ESSAY
Here’s What Happens When You Stare into That Screen
Despite your sophistication, you’re being played. Here’s what you can do about it
Many years ago, a tobacco industry executive famously described cigarettes as nicotine delivery devices, with an overriding (and obvious) purpose: to get people addicted so that they Buy More. It’s a proven business model used by drug purveyors of every stripe, going all the way back to our ancestors in the jungle hawking their own plant-based anxiety suppressants. Og! Dude! C’mere, try this bitchin’ root! Yah!
Cigarettes, as everyone well knows, are a major cause of respiratory disease, and a good way to speed up your demise if you’re in the market for a really brutal way to go.
Along similar lines, many of today’s businesses use the web as an advertising delivery device. The content we see as we stare at our screens exists primarily to deliver the ads that we see. Not unlike the machines in the movie The Matrix siphoning off our raw biological energy, in the wired world it’s our attention that’s being harvested.
Attention may be the most valuable commodity of our time. For once an entity or organization gets its mitts on it, know that you’ve been grabbed by the short and curlies. You will then be subjected to endless pressure campaigns to Buy More, which will come at you from angles that are not always apparent, affecting you in subtle ways that can elude your defenses.
When you watch video or TV, you are lulled into a passive, highly receptive state. Your guard lowers, as does your critical thinking faculty. The barn door of your psyche swings open.
You become open to influence in ways that are worth pure gold to organizations that may not have your best interests at heart, which is why some of them are willing to pay big bucks — many millions, for instance, for a single minute of advertising time on popular shows such as the Super Bowl, watched by 100 million wide-open, laid-bare souls — to catch you in this undefended state.
What happens then?
Mostly, you’re lied to and manipulated.
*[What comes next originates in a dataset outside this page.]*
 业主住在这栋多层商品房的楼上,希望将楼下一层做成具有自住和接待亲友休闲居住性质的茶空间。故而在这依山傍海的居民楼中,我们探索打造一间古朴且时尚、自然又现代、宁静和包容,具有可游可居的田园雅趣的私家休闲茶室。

The assault profoundly affects you, no matter how sophisticated you may think you are.
Staring into your screen, you are immersed in a world of subterfuge. You are cooed at. You are stroked. You are made to purr. A symphony of beautiful smiles, alluring graphics, and stirring musical accompaniments envelops you. Adrift in this pleasant dream, your grasp of what’s real and what’s fantasy weakens.
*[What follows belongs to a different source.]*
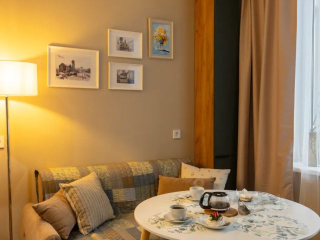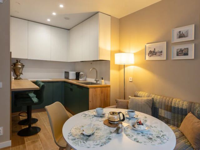Уютная, светлая, однокомнатная квартира в частном доме, в 5 минутах от пляжа Балтийского моря, со своей придомовой территорией, мангальной зоной и беседкой, в тихом месте пгт. Янтарный. Рядом детские площадки, продуктовые магазины. Размещение до 5 человек, большая светлая просторная комната, где два больших раскладывающихся дивана, одноместный диван, телевизор, шкафы для хранения ваших вещей, просторная кухня-столовая со всей необходимой кухонной посудой, начиная от чайных ложек, заканчивая всевозможными кастрюлями и сковородками. Ванная комната с большой душевой кабиной, стиральной машиной, феном. Отопление двухконтурный газовый котёл, поэтому нет проблем с горячей водой, всегда чистое бельё и полотенца. Размещение с животными обговаривается. Проживание не менее трёх суток. При бронирование от 7 до 10 дней предоставляется скидка от 3х до 5ти процентов.

Of course, you know exactly what’s happening. It just feels so good!
You well know, for instance, that the actors speaking to you in commercials have been paid to deliver a message. A message that may directly contradict their real-life beliefs. No matter. The actor, often an attractive young woman (or man) stares imploringly at you from the screen, as if acknowledging you. Lie.
The collection of pixels that appear to be eyes can’t possibly connect with yours any more than a sheet of paper can. The actor extols the greatness of a product — say, Princess Lovely Lipstick — that’s sure to make you more beautiful. Lie. It won’t do much beyond make your lips shine a bit. The actor says that she herself loves it. Oh, really? She probably never even heard of it until she got this gig.
Lie, lie, lie.
The untruths flow over, around, and through you with all the sparkly effervescence of a mountain stream gushing down Boulder Canyon. Now, that’s true. It may very well have that feel.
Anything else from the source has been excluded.